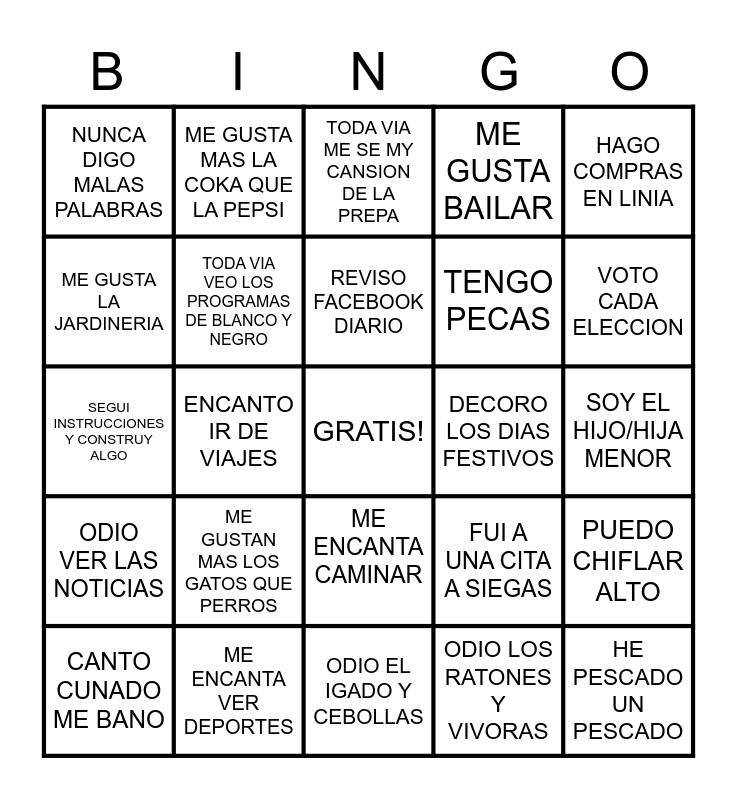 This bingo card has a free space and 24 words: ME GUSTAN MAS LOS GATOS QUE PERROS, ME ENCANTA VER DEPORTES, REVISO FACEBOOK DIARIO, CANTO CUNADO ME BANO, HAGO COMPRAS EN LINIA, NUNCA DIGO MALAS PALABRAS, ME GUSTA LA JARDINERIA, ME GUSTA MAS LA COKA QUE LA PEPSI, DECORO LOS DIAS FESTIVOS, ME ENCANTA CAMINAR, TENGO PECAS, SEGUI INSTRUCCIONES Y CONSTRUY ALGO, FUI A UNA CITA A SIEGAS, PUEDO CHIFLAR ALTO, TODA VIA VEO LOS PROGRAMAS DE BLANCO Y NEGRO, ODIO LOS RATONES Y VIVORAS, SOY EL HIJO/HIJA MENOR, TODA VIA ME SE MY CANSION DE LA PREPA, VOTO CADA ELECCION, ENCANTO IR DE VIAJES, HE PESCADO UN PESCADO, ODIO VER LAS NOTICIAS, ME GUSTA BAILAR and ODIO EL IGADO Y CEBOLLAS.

====================

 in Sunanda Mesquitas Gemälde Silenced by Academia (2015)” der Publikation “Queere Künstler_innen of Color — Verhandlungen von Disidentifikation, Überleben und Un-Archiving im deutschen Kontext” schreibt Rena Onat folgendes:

====================

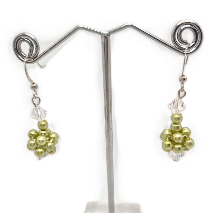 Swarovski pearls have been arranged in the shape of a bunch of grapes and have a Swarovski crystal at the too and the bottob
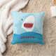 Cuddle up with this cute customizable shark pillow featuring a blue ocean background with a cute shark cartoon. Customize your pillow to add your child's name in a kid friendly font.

====================

• TASK TO COMPLETE: From the records above, copy exactly the lines starting at the one with "Swarovski pearls have" and ending at the one with "Cuddle up with", and no others. Pictures stay out.

• PROBLEM SOLUTION:
 Swarovski pearls have been arranged in the shape of a bunch of grapes and have a Swarovski crystal at the too and the bottob
 Cuddle up with this cute customizable shark pillow featuring a blue ocean background with a cute shark cartoon. Customize your pillow to add your child's name in a kid friendly font.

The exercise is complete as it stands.